The Douugh Limited (ASX: DOU) share price remains suspended on Monday as it continues its correspondence with ASX Ltd (ASX: ASX) in respect to potential breaches of its recent placement and backdoor listing transaction.
However, this afternoon the company has released details on the queries that the stock exchange operator has made and also its answers to them.
What did Douugh say?
A lot was asked of and answered by Douugh in this release, but the main takeaway was that the parents of director Bert Mondello were issued a significant number of shares in breach of listing rule 10.11 before selling them for a big profit.
According to the release, corporate lawyer Steinepreis Paganin has reviewed its re-compliance register and found that Mr Mondello's parents were issued 3.35 million Douugh shares for 3 cents per share in a re-compliance capital raising. 3,117,500 of these shares were sold in October for a profit of $200,470.
The parents received a further 422,727 shares for 22 cents per share during its recent placement, which was announced along with its deal with Humm Group Ltd (ASX: HUM) in December.

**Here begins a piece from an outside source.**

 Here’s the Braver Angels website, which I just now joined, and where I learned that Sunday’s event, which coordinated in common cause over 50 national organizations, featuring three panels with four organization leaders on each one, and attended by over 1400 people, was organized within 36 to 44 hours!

The Douugh share price ended that day at 29 cents, which was 32% higher than the placement price.
These compliance breaches certainly aren't a good look for a company that was until recently calling itself a neobank.

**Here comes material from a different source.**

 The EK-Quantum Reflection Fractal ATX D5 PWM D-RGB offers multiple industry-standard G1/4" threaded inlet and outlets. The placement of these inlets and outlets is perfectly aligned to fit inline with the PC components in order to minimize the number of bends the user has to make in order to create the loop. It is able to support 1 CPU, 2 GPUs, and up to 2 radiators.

Douugh's shares will remain suspended while the ASX's enquiries continue.
What is Douugh?
Douugh is a financial wellness app provider aiming to disrupt the business model of banking.
As things stand, however, it is unclear how many users the company has for its app, which is available in Apple's App Store with a 3.9 star rating from 54 reviews.
What else remains unclear is just how the company is going to differentiate itself in a crowded financial wellness market filled with other apps that arguably have stronger features and better ratings such as Humaniti.